Action item: Please output exactly the lines from the one containing "38. Американские военные" through the end of the records below, leaving out any pictures.

Source data:

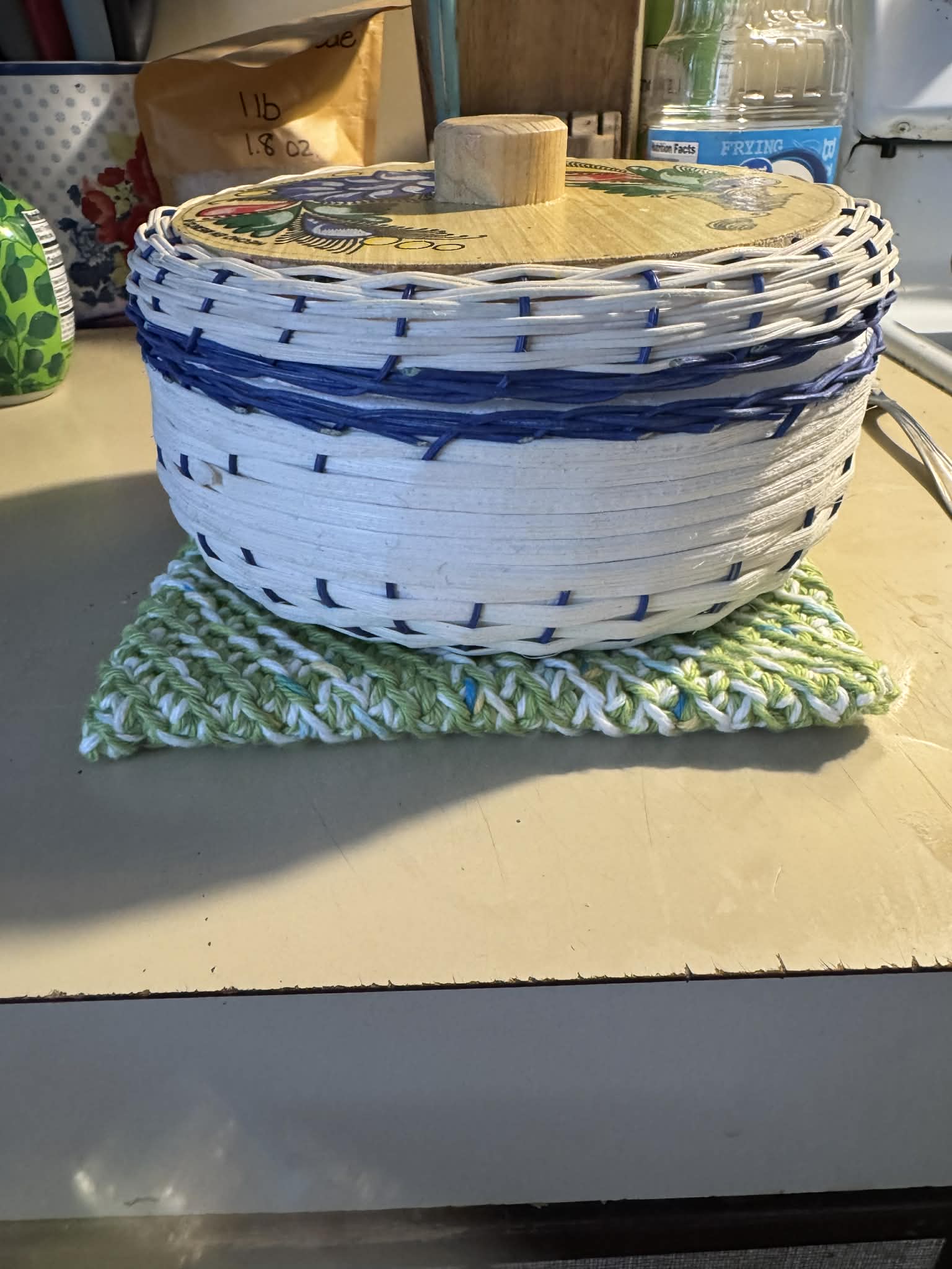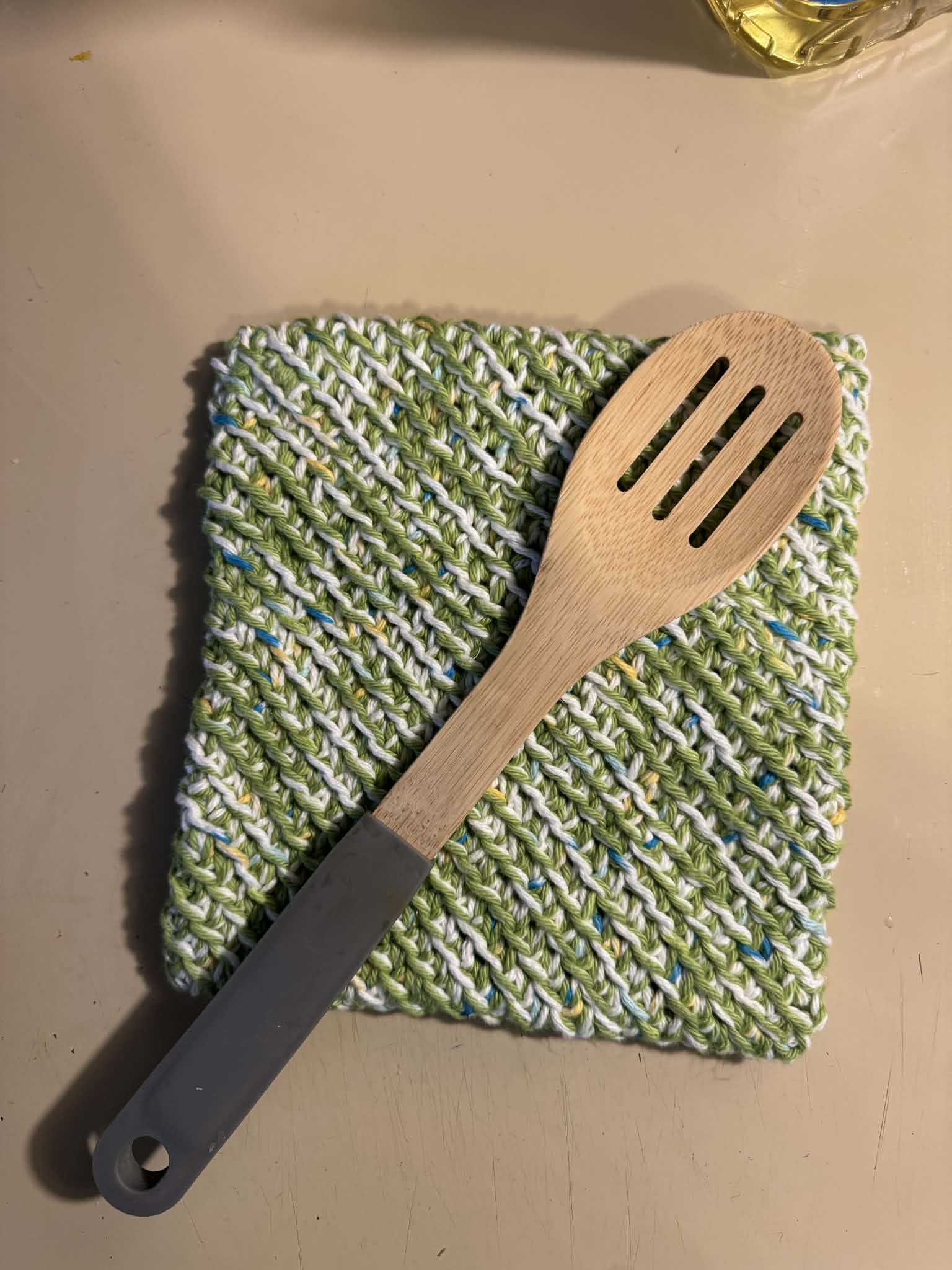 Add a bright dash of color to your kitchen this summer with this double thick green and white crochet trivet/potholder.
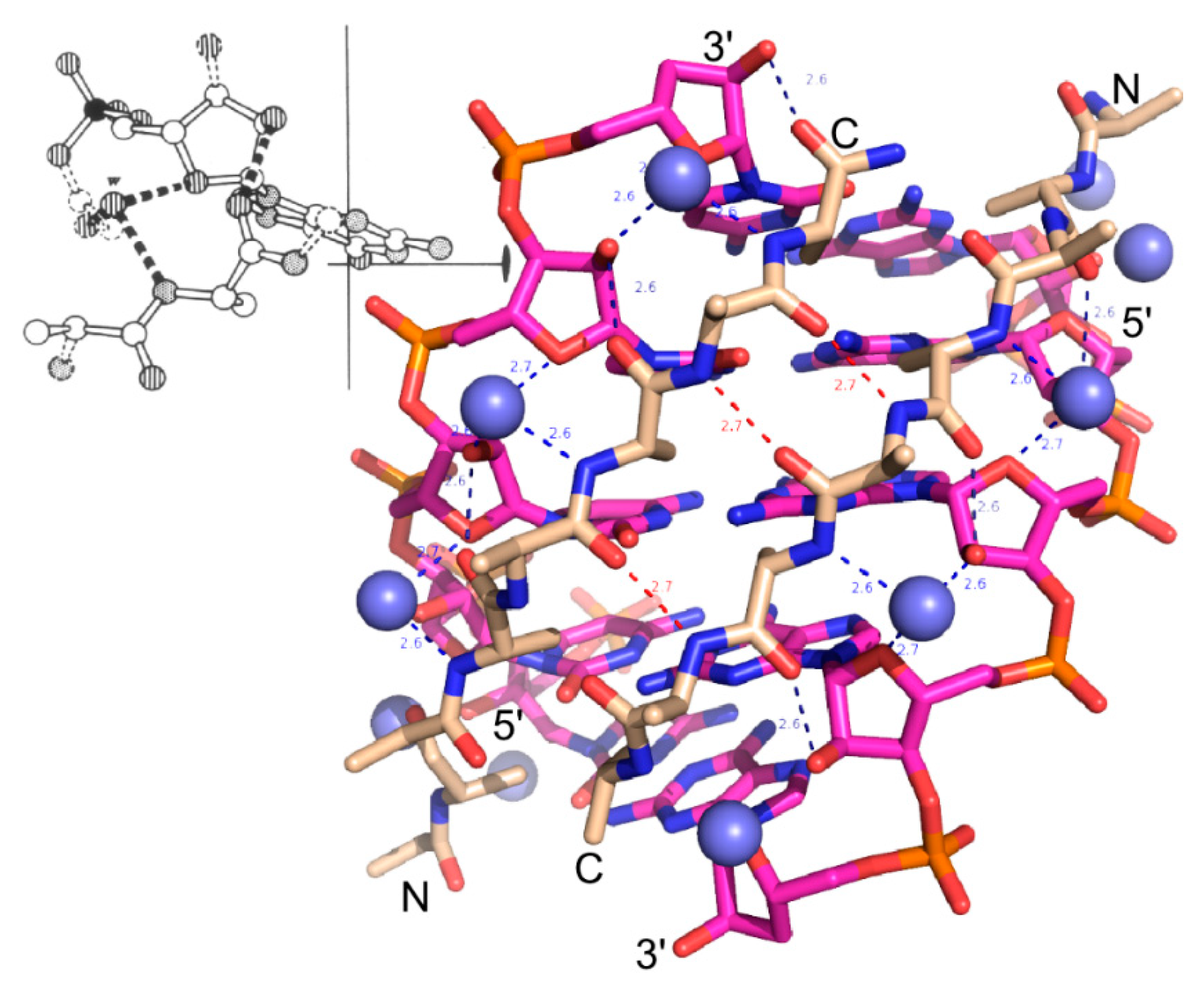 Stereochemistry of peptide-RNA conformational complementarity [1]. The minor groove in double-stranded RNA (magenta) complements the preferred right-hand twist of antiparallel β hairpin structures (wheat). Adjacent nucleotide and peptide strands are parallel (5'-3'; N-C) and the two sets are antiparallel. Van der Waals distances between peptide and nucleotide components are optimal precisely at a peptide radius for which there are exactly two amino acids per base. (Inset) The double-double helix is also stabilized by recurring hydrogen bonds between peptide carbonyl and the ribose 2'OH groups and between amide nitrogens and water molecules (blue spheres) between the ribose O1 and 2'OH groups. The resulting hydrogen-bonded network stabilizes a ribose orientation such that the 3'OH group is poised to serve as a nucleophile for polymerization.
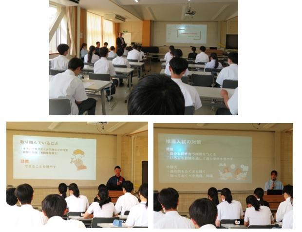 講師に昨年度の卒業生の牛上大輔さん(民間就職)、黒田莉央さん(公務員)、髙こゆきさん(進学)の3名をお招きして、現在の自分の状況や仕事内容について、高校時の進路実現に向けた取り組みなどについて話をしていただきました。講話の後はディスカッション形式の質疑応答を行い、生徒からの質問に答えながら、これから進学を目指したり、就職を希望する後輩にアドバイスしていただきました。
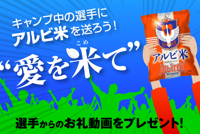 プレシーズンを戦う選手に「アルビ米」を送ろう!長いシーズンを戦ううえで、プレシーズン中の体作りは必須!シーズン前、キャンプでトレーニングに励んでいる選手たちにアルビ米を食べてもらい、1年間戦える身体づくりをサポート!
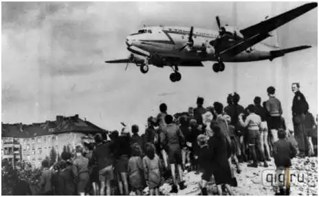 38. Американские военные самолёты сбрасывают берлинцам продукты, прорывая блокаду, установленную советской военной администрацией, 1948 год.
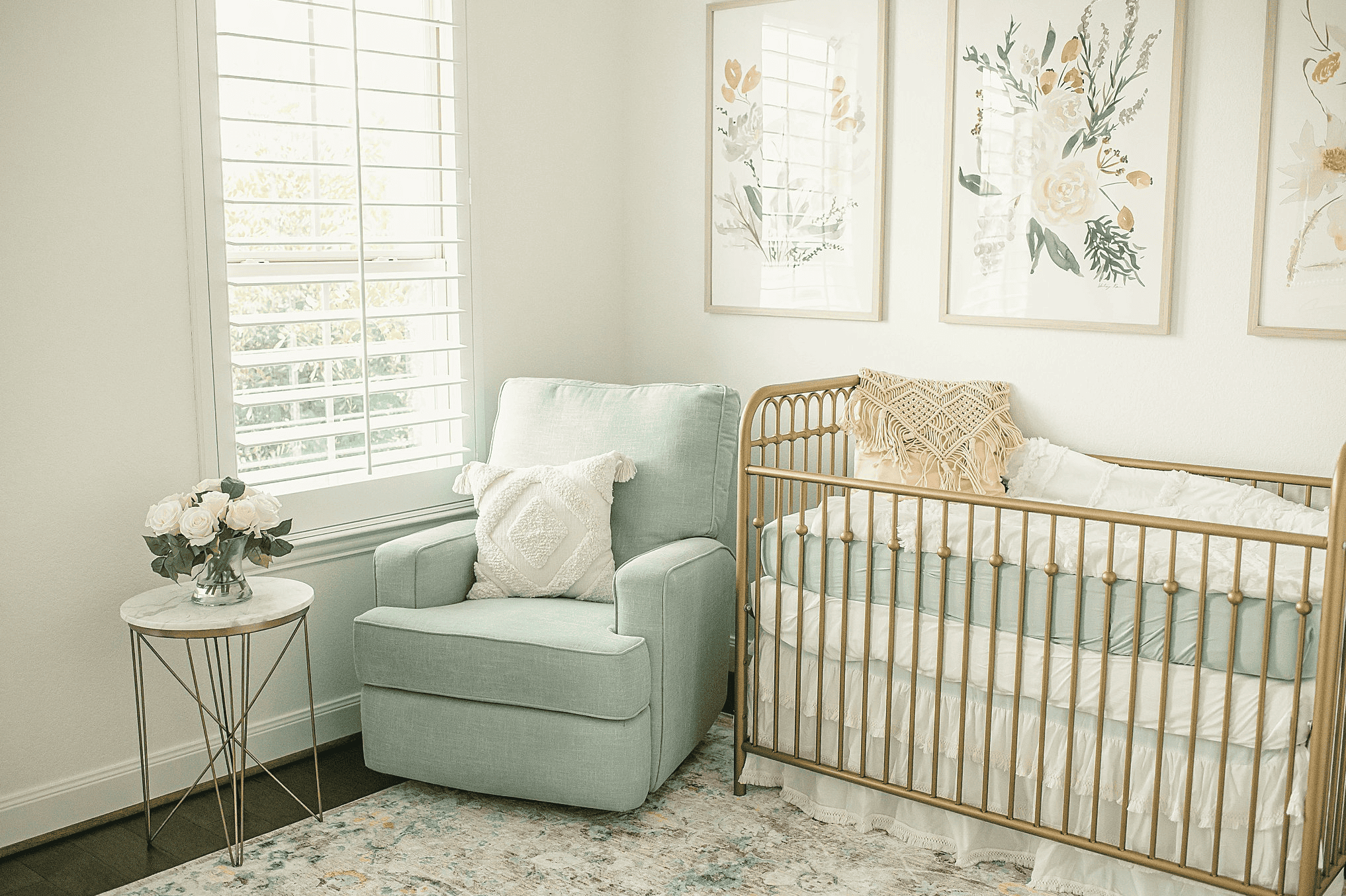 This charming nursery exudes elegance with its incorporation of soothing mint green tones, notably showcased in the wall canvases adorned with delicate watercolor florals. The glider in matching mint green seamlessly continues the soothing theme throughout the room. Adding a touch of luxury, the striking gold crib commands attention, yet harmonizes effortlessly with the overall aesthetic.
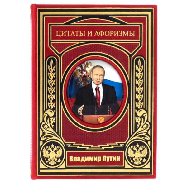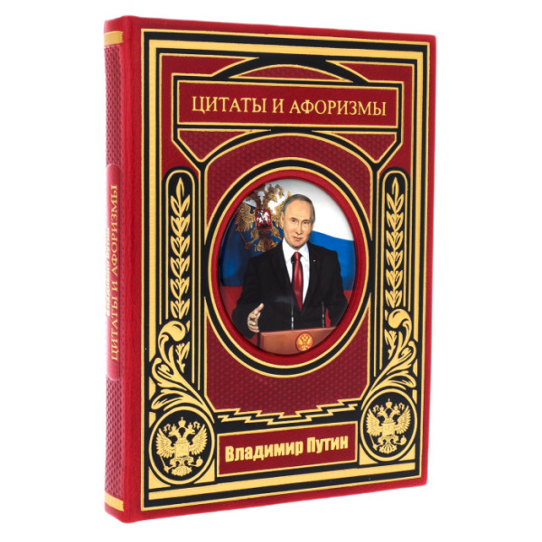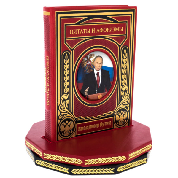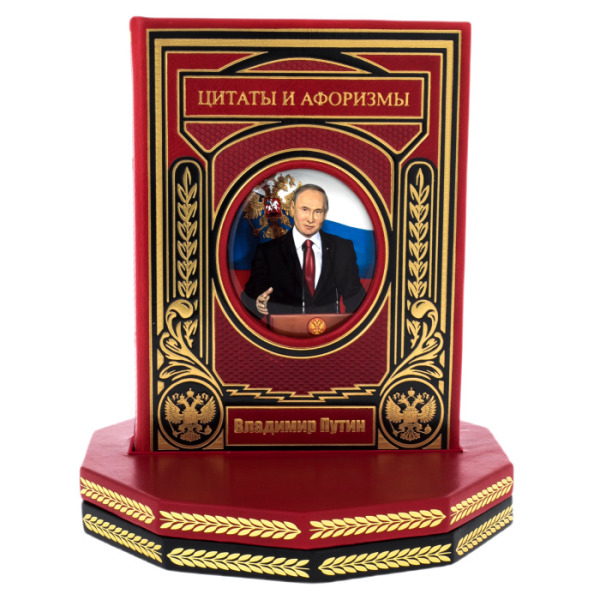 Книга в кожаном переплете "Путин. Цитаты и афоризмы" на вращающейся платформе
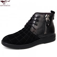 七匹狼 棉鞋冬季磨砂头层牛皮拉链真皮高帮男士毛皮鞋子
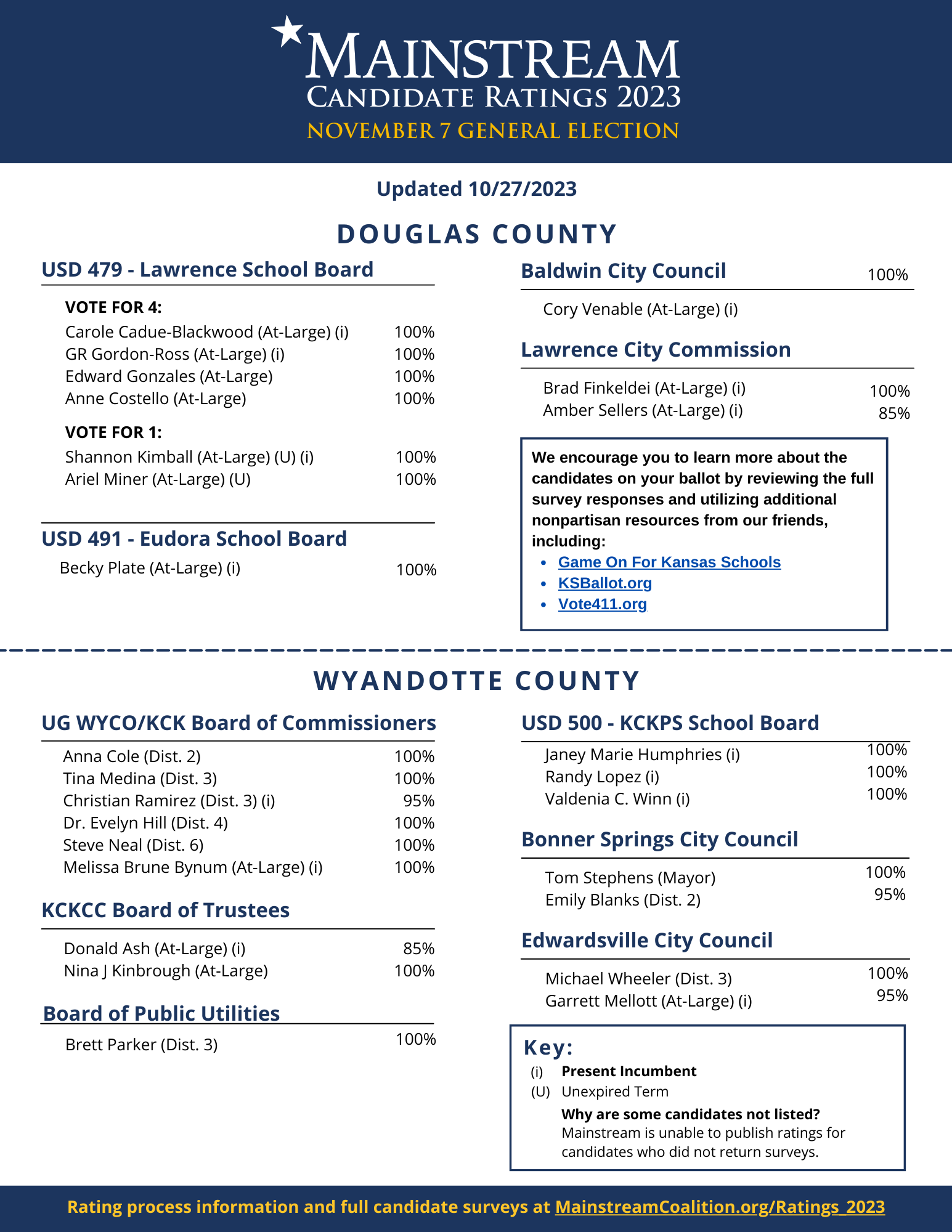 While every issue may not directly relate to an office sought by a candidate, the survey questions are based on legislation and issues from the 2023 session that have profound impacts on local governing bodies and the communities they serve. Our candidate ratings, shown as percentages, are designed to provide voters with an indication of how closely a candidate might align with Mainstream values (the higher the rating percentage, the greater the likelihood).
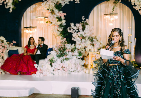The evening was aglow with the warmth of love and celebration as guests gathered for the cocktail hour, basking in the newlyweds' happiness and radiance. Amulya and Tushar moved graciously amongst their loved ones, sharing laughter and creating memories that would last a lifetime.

Completed task:
 38. Американские военные самолёты сбрасывают берлинцам продукты, прорывая блокаду, установленную советской военной администрацией, 1948 год.
 This charming nursery exudes elegance with its incorporation of soothing mint green tones, notably showcased in the wall canvases adorned with delicate watercolor florals. The glider in matching mint green seamlessly continues the soothing theme throughout the room. Adding a touch of luxury, the striking gold crib commands attention, yet harmonizes effortlessly with the overall aesthetic.
 Книга в кожаном переплете "Путин. Цитаты и афоризмы" на вращающейся платформе
 七匹狼 棉鞋冬季磨砂头层牛皮拉链真皮高帮男士毛皮鞋子
 While every issue may not directly relate to an office sought by a candidate, the survey questions are based on legislation and issues from the 2023 session that have profound impacts on local governing bodies and the communities they serve. Our candidate ratings, shown as percentages, are designed to provide voters with an indication of how closely a candidate might align with Mainstream values (the higher the rating percentage, the greater the likelihood).
The evening was aglow with the warmth of love and celebration as guests gathered for the cocktail hour, basking in the newlyweds' happiness and radiance. Amulya and Tushar moved graciously amongst their loved ones, sharing laughter and creating memories that would last a lifetime.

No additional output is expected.